David Valadez wrote:
So folks know - there are videos that go with this article. They help demonstrate the topic more clearly. You just have to click on the hyperlinks (clip 1, clip 2, clip 3 and clip 4) to view them.
I watched the clips. Very interesting. And yes, they did help with reading your article. Thanks for taking the time to include them.
There is one thing that sticks out in my mind, though, as being an error of sorts. Maybe error isn't the right word, but it's close. Watching the clips, there is one aspect of that kind of training that you didn't account for in any of your discussions. There were no committed attacks in your videos. Yes, you had attacks, but none that I would classify as committed.

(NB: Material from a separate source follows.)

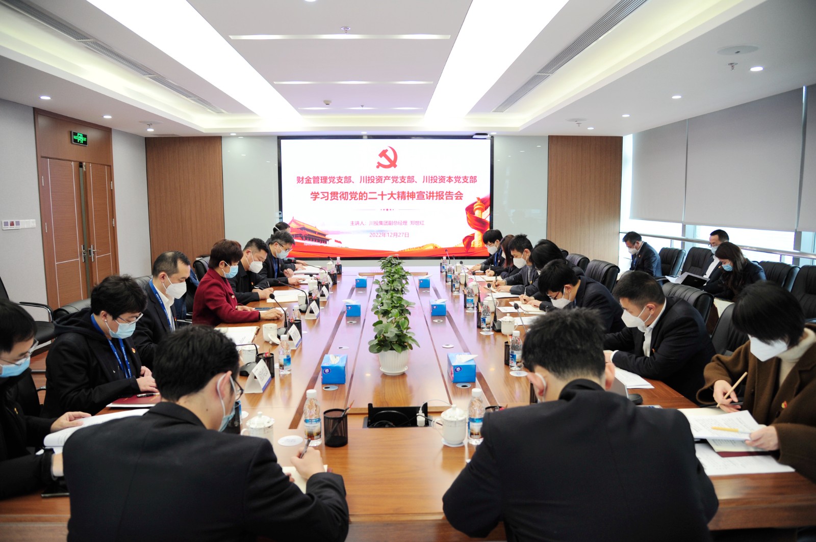12月27日下午,为深入学习宣传贯彻落实党的二十大精神,根据集团党委部署要求,集团公司副总经理郑世红赴财金管理党支部、川投资产党支部、川投资本党支部宣讲党的二十大精神。集团公司财务总监黄劲以普通党员身份参加宣讲报告会。会议由川投资产党支部书记万易明主持。

Some of them I would say were jabs or jab-like strikes, some grappling, some clinching, but overall, no committed attacks. And there wouldn't be, otherwise you would have some sort of injury.
Outside the dojo, when someone decides to throw a punch, it isn't going to be half a strike, it isn't going to be pulled at the last moment. There may be a jab or two, but when the "committed" attack comes, it'll have a good bit of force behind it. I never saw anything like that in the clips. The punches or jabs that landed produced no effect like one would get with a full force blow. Least it didn't look like it.
That's really the sharpest thing that struck me as I read and watched the video. Not the idea and/or theory behind the writing, nor the training in the video, but just that solid, powerful strikes weren't taken into account.